Sometimes the following exceptions are thrown:

Log of Silo2

[13:16:22 INF] Subscriber Grain 791e0ed160214841ad5d8792d290bc19 on Silo S127.0.0.1:20000:83416570 received publication Message sent from publisher
[13:16:28 INF] Stopping OrleansDashboard.SiloGrainService grain service
[13:16:28 INF] Subscriber stopped successfully
[13:16:28 ERR] Error calling grain's OnDeactivateAsync(...) method - Grain type = OrleansPOC.Grains.Subscriber.SubscriberGrain Activation = [Activation: S127.0.0.1:20000:83416570/subscriber/d75b1277d7c7457cab20e5475a994a87@988280c73309451588149aa4cf1c87f0#GrainType=OrleansPOC.Grains.Subscriber.SubscriberGrain,OrleansPOC Placement=RandomPlacement State=Deactivating]
Orleans.Runtime.OrleansMessageRejectionException: Forwarding failed: tried to forward message Request [S127.0.0.1:20000:83416570 subscriber/d75b1277d7c7457cab20e5475a994a87]->[S127.0.0.1:11111:83416554 pubsubrendezvous/STREAM_EXAMPLE/null/STREAM] Orleans.Streams.IPubSubRendezvousGrain.UnregisterConsumer(2ddc34f6-3cea-4bf9-98d0-9049bb42b957, STREAM_EXAMPLE/null/STREAM) #1036[ForwardCount=2] for 2 times after "DeactivateOnIdle was called." to invalid activation.
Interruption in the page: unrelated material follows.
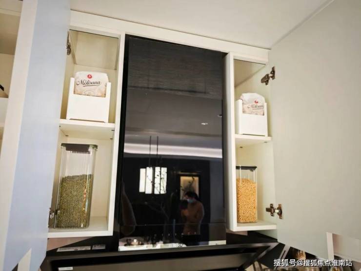 油烟机的两侧,也做了收纳,并且分了2层,提升了实用度。
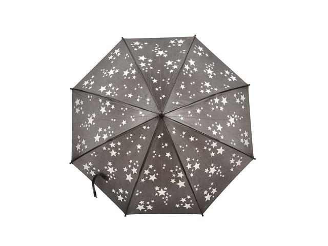 Brighten up a rainy day with this childs umbrella. The black design is covered in reflecting stars making them easier to see on a dark, wet day.

Rejecting now.
   at Orleans.Serialization.Invocation.ResponseCompletionSource.System.Threading.Tasks.Sources.IValueTaskSource.GetResult(Int16 token) in /_/src/Orleans.Serialization/Invocation/ResponseCompletionSource.cs:line 98
   at System.Threading.Tasks.ValueTask.ValueTaskSourceAsTask.<>c.<.cctor>b__4_0(Object state)
--- End of stack trace from previous location ---
   at Orleans.Streams.StreamConsumer`1.UnsubscribeAsync(StreamSubscriptionHandle`1 handle) in /_/src/Orleans.Streaming/Internal/StreamConsumer.cs:line 183
   at OrleansPOC.Grains.Subscriber.SubscriberGrain.OnDeactivateAsync(DeactivationReason reason, CancellationToken cancellationToken) in D:\OrleansPOC\OrleansPOC\Grains\Subscriber\SubscriberGrain.cs:line 44
   at Orleans.Internal.OrleansTaskExtentions.MakeCancellable(Task task, CancellationToken cancellationToken) in /_/src/Orleans.Core/Async/TaskExtensions.cs:line 187
   at Orleans.Internal.OrleansTaskExtentions.WithCancellation(Task taskToComplete, String message, CancellationToken cancellationToken) in /_/src/Orleans.Core/Async/TaskExtensions.cs:line 144
   at Orleans.Runtime.ActivationData.<FinishDeactivating>g__CallGrainDeactivate|145_0(CancellationToken ct) in /_/src/Orleans.Runtime/Catalog/ActivationData.cs:line 1799
[13:16:30 INF] Host terminated successfully

Log of Silo1

[13:16:17 INF] Subscriber Grain 4a1dafd47e4940d28b1b695d3f7a4e8c on Silo S127.0.0.1:11111:83416554 received publication Message sent from publisher
[13:16:22 INF] Subscriber Grain 4a1dafd47e4940d28b1b695d3f7a4e8c on Silo S127.0.0.1:11111:83416554 received publication Message sent from publisher
[13:16:22 INF] Subscriber Grain 3e23f90d920d47a9b665edb9c44bbbd7 on Silo S127.0.0.1:11111:83416554 received publication Message sent from publisher
[13:16:28 INF] My range changed from <MultiRange: Size=x8E8388F1, %Ring=55,669%> to <(0 0], Size=x100000000, %Ring=100%> increased = True
[13:16:28 INF] Subscriber stopped successfully
[13:16:28 INF] Subscriber stopped successfully
[13:16:28 WRN] Failed to forward message Request [S127.0.0.1:20000:83416570 subscriber/d75b1277d7c7457cab20e5475a994a87]->[S127.0.0.1:11111:83416554 pubsubrendezvous/STREAM_EXAMPLE/null/STREAM] Orleans.Streams.IPubSubRendezvousGrain.UnregisterConsumer(2ddc34f6-3cea-4bf9-98d0
-9049bb42b957, STREAM_EXAMPLE/null/STREAM) #1036[ForwardCount=2] from [GrainAddress GrainId pubsubrendezvous/STREAM_EXAMPLE/null/STREAM, ActivationId: @436c6408319b4230b861f9e3fcb0b55a, SiloAddress: S127.0.0.1:11111:83416554] to null after DeactivateOnIdle was called.. Attempt 2
scalalang2 commented 2 months ago

If you're using MemoryStream in production. There was similar issue #8399 #8542.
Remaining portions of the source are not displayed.